Task directions
Reproduce the whole listing that follows, character for character, and drop the images.
◇ ◇ ◇ ◇ ◇ ◇ ◇
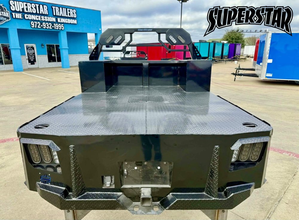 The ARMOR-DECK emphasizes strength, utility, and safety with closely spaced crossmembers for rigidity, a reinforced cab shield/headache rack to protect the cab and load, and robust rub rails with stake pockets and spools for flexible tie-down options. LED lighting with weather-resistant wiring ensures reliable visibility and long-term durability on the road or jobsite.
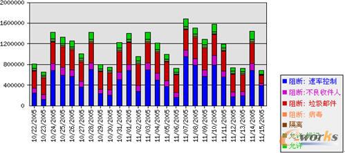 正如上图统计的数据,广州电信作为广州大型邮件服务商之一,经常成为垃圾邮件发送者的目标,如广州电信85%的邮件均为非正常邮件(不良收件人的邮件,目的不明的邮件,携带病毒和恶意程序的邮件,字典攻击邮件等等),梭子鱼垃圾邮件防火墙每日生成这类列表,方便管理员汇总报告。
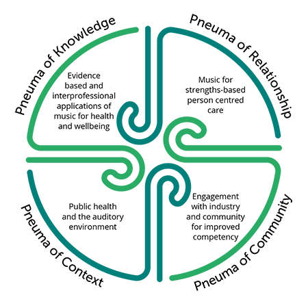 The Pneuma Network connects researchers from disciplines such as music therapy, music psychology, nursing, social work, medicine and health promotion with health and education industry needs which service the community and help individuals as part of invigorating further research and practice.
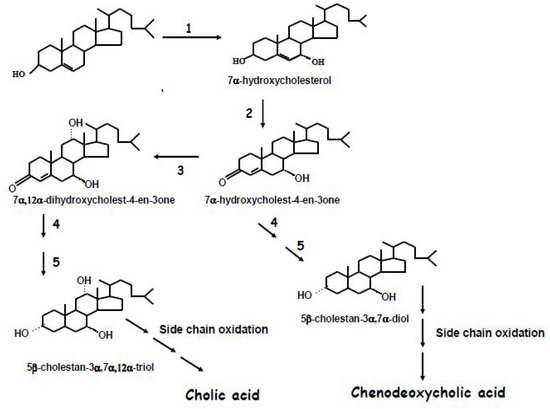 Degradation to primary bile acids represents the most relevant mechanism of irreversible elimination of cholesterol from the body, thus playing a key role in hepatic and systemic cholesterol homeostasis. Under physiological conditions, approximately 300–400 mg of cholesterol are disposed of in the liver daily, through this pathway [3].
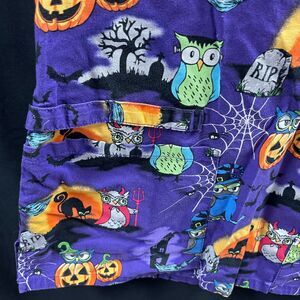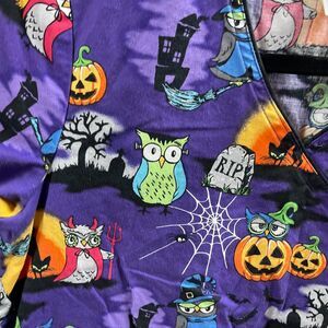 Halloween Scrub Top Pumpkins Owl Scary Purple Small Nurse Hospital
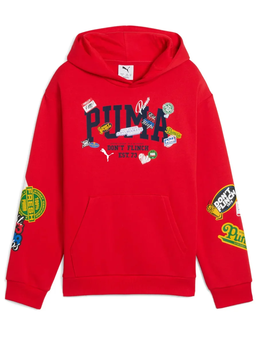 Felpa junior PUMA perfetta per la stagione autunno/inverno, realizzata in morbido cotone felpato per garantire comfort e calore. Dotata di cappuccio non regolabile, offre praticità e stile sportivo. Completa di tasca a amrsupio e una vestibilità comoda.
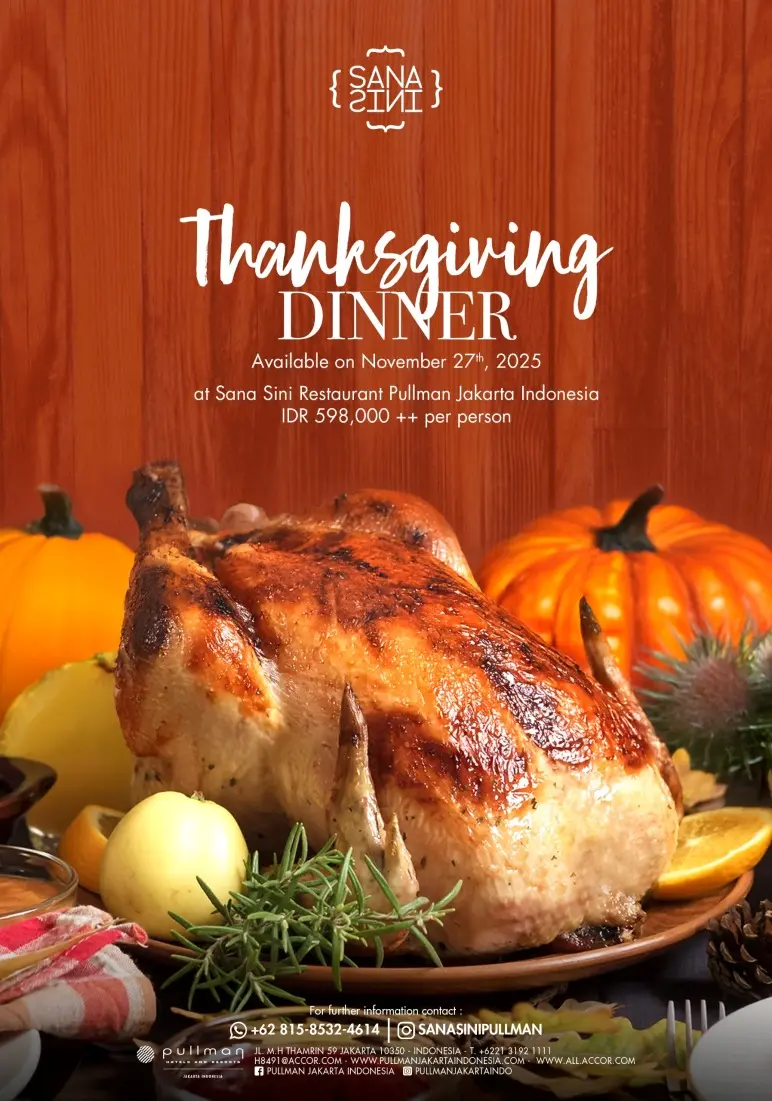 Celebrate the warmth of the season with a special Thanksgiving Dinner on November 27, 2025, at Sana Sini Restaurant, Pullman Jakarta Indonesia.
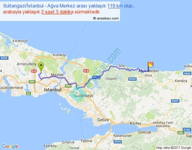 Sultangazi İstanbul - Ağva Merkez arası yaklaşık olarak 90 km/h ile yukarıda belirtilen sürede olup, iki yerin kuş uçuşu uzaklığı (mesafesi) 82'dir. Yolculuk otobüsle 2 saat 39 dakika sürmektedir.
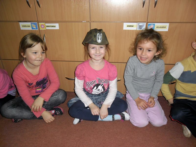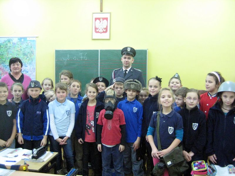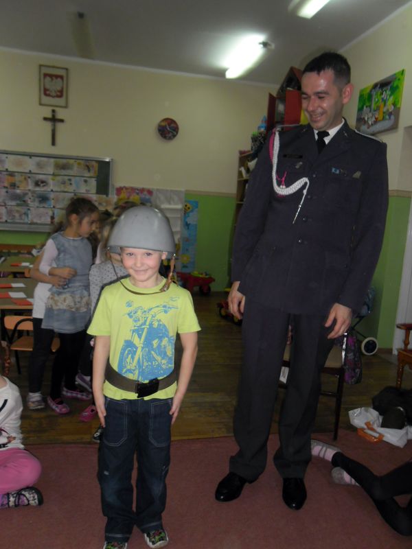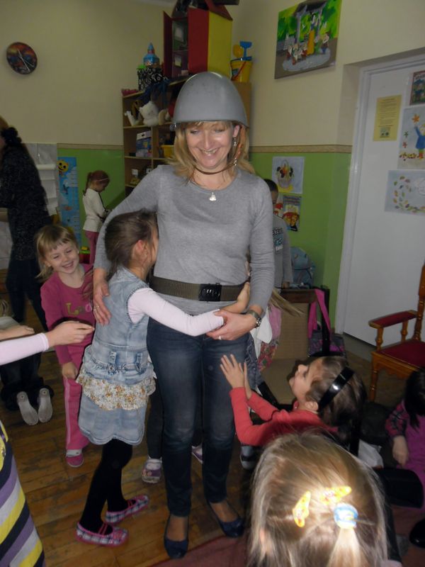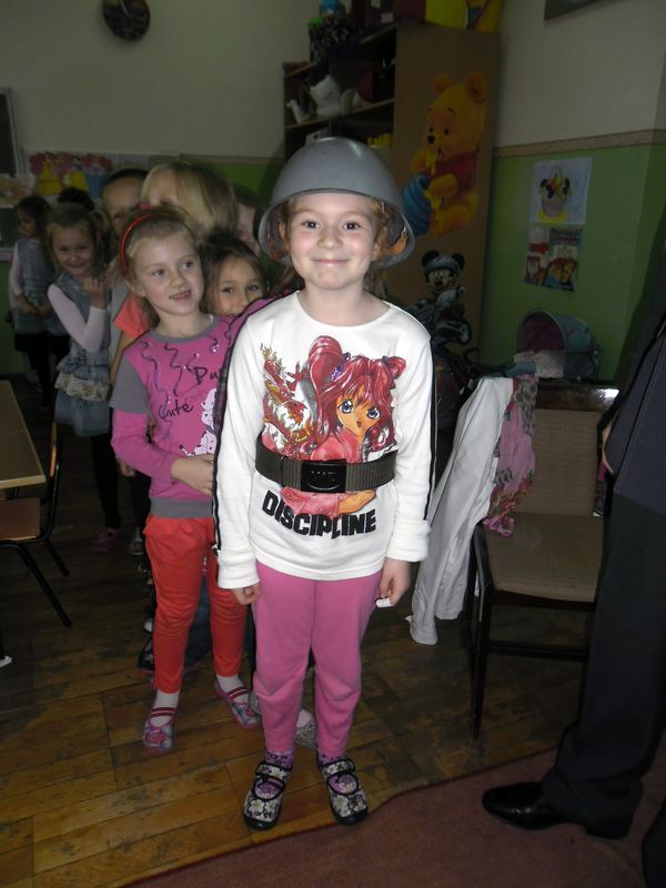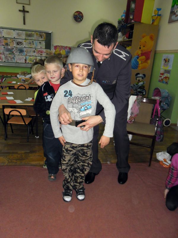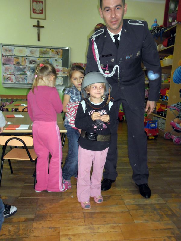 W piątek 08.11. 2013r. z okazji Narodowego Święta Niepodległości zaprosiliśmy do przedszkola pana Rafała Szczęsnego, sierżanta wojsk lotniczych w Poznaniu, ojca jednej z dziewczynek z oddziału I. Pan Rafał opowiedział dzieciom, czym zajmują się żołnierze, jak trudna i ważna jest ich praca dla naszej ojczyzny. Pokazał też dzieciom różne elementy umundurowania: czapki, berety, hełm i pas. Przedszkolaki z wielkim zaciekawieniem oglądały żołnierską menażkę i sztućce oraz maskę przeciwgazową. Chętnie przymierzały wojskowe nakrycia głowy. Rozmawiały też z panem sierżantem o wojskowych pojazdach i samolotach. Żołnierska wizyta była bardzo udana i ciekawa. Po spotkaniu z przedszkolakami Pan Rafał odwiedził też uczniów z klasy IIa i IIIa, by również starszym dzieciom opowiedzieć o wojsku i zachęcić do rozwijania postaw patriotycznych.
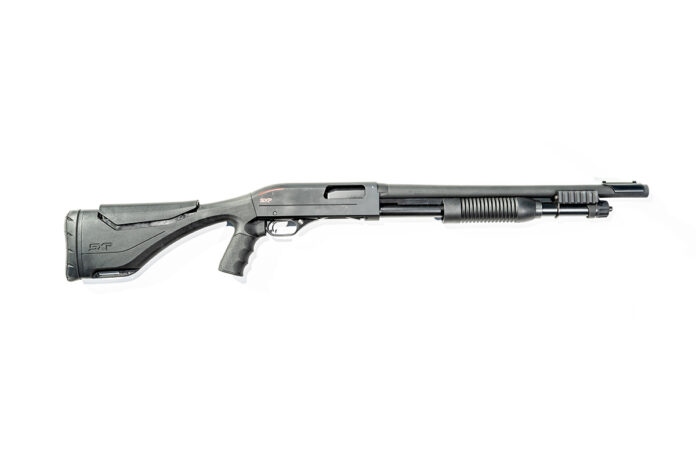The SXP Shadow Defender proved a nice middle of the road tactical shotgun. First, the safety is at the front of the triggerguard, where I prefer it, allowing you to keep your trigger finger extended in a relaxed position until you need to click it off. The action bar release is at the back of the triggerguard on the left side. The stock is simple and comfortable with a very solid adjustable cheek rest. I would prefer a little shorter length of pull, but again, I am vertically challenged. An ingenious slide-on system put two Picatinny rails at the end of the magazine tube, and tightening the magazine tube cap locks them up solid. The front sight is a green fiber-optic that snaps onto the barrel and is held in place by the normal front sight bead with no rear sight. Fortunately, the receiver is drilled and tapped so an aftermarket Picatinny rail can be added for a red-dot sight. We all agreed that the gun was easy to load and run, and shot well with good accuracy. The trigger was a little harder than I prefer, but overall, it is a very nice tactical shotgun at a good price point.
◇ ◇ ◇ ◇ ◇ ◇ ◇
Solution to this task
 The ARMOR-DECK emphasizes strength, utility, and safety with closely spaced crossmembers for rigidity, a reinforced cab shield/headache rack to protect the cab and load, and robust rub rails with stake pockets and spools for flexible tie-down options. LED lighting with weather-resistant wiring ensures reliable visibility and long-term durability on the road or jobsite.
 正如上图统计的数据,广州电信作为广州大型邮件服务商之一,经常成为垃圾邮件发送者的目标,如广州电信85%的邮件均为非正常邮件(不良收件人的邮件,目的不明的邮件,携带病毒和恶意程序的邮件,字典攻击邮件等等),梭子鱼垃圾邮件防火墙每日生成这类列表,方便管理员汇总报告。
 The Pneuma Network connects researchers from disciplines such as music therapy, music psychology, nursing, social work, medicine and health promotion with health and education industry needs which service the community and help individuals as part of invigorating further research and practice.
 Degradation to primary bile acids represents the most relevant mechanism of irreversible elimination of cholesterol from the body, thus playing a key role in hepatic and systemic cholesterol homeostasis. Under physiological conditions, approximately 300–400 mg of cholesterol are disposed of in the liver daily, through this pathway [3].
 Halloween Scrub Top Pumpkins Owl Scary Purple Small Nurse Hospital
 Felpa junior PUMA perfetta per la stagione autunno/inverno, realizzata in morbido cotone felpato per garantire comfort e calore. Dotata di cappuccio non regolabile, offre praticità e stile sportivo. Completa di tasca a amrsupio e una vestibilità comoda.
 Celebrate the warmth of the season with a special Thanksgiving Dinner on November 27, 2025, at Sana Sini Restaurant, Pullman Jakarta Indonesia.
 Sultangazi İstanbul - Ağva Merkez arası yaklaşık olarak 90 km/h ile yukarıda belirtilen sürede olup, iki yerin kuş uçuşu uzaklığı (mesafesi) 82'dir. Yolculuk otobüsle 2 saat 39 dakika sürmektedir.
 W piątek 08.11. 2013r. z okazji Narodowego Święta Niepodległości zaprosiliśmy do przedszkola pana Rafała Szczęsnego, sierżanta wojsk lotniczych w Poznaniu, ojca jednej z dziewczynek z oddziału I. Pan Rafał opowiedział dzieciom, czym zajmują się żołnierze, jak trudna i ważna jest ich praca dla naszej ojczyzny. Pokazał też dzieciom różne elementy umundurowania: czapki, berety, hełm i pas. Przedszkolaki z wielkim zaciekawieniem oglądały żołnierską menażkę i sztućce oraz maskę przeciwgazową. Chętnie przymierzały wojskowe nakrycia głowy. Rozmawiały też z panem sierżantem o wojskowych pojazdach i samolotach. Żołnierska wizyta była bardzo udana i ciekawa. Po spotkaniu z przedszkolakami Pan Rafał odwiedził też uczniów z klasy IIa i IIIa, by również starszym dzieciom opowiedzieć o wojsku i zachęcić do rozwijania postaw patriotycznych.
The SXP Shadow Defender proved a nice middle of the road tactical shotgun. First, the safety is at the front of the triggerguard, where I prefer it, allowing you to keep your trigger finger extended in a relaxed position until you need to click it off. The action bar release is at the back of the triggerguard on the left side. The stock is simple and comfortable with a very solid adjustable cheek rest. I would prefer a little shorter length of pull, but again, I am vertically challenged. An ingenious slide-on system put two Picatinny rails at the end of the magazine tube, and tightening the magazine tube cap locks them up solid. The front sight is a green fiber-optic that snaps onto the barrel and is held in place by the normal front sight bead with no rear sight. Fortunately, the receiver is drilled and tapped so an aftermarket Picatinny rail can be added for a red-dot sight. We all agreed that the gun was easy to load and run, and shot well with good accuracy. The trigger was a little harder than I prefer, but overall, it is a very nice tactical shotgun at a good price point.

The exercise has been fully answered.